Background: c-Kit + lung stem cells have been described in the human healthy lung. Their potential relation with smoking and/or chronic obstructive pulmonary disease (COPD) is unknown.

Methods: We characterized and compared c-Kit+ cells in lung tissue of 12 never smokers (NS), 15 smokers with normal spirometry (S) and 44 COPD patients who required lung resectional surgery. Flow cytometry (FACS) was used to characterize c-Kit+ cells in fresh lung tissue disaggregates, and immunofluorescence (IF) for further characterization and to determine their location in OCT- embedded lung tissue.

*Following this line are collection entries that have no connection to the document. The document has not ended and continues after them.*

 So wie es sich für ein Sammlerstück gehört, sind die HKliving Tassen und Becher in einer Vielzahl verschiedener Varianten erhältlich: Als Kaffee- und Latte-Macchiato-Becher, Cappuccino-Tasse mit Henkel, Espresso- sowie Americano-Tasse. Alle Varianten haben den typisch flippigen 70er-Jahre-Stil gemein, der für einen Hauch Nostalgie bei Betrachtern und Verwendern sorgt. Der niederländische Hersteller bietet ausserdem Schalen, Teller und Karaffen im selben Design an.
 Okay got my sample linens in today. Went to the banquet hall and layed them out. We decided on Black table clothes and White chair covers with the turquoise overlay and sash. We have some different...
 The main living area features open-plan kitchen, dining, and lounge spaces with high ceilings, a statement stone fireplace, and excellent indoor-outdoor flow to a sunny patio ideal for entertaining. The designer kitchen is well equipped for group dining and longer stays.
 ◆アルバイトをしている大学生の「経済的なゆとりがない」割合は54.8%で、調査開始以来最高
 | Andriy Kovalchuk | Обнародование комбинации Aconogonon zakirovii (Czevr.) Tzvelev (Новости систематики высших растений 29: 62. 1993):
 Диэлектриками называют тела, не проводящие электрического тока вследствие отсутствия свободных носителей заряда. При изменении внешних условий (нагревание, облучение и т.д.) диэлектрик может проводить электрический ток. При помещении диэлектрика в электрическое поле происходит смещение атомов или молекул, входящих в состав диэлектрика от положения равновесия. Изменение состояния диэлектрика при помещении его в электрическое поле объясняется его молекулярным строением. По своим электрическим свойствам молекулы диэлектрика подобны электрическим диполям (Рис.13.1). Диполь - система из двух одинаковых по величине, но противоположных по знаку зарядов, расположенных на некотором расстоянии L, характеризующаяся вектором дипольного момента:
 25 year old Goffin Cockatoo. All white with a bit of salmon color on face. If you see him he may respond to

Results: We identified 4 c-Kit+ cell populations, with similar proportions in NS, S and COPD: (1) By FACS, c-Kit/CD45+ cells (4.03 ± 2.97% (NS), 3.96 ± 5.30% (S), and 5.20 ± 3.44% (COPD)). By IF, these cells were tryptase+ (hence, mast cells) and located around the airways; (2) By IF, c-Kit/CD45+/triptase- (0.07 ± 0.06 (NS), 0.03 ± 0.02 (S), and 0.06 ± 0.07 (COPD) cells/field), which likely correspond to innate lymphoid cells; (3) By FACS, c-Kit/CD45-/CD34+ (0.95 ± 0.84% (NS), 1.14 ± 0.94% (S) and 0.95 ± 1.38% (COPD)). By IF these cells were c-Kit/CD45-/CD31+, suggesting an endothelial lineage, and were predominantly located in the alveolar wall; and, (4) by FACS, an infrequent c-Kit/CD45-/CD34- population (0.09 ± 0.14% (NS), 0.08 ± 0.09% (S) and 0.08 ± 0.11% (COPD)) compatible with a putative lung stem cell population. Yet, IF failed to detect them and we could not isolate or grow them, thus questioning the existence of c-Kit+ lung stem-cells.

Conclusions: The adult human lung contains a mixture of c-Kit+ cells, unlikely to be lung stem cells, which are independent of smoking status and/or presence of COPD.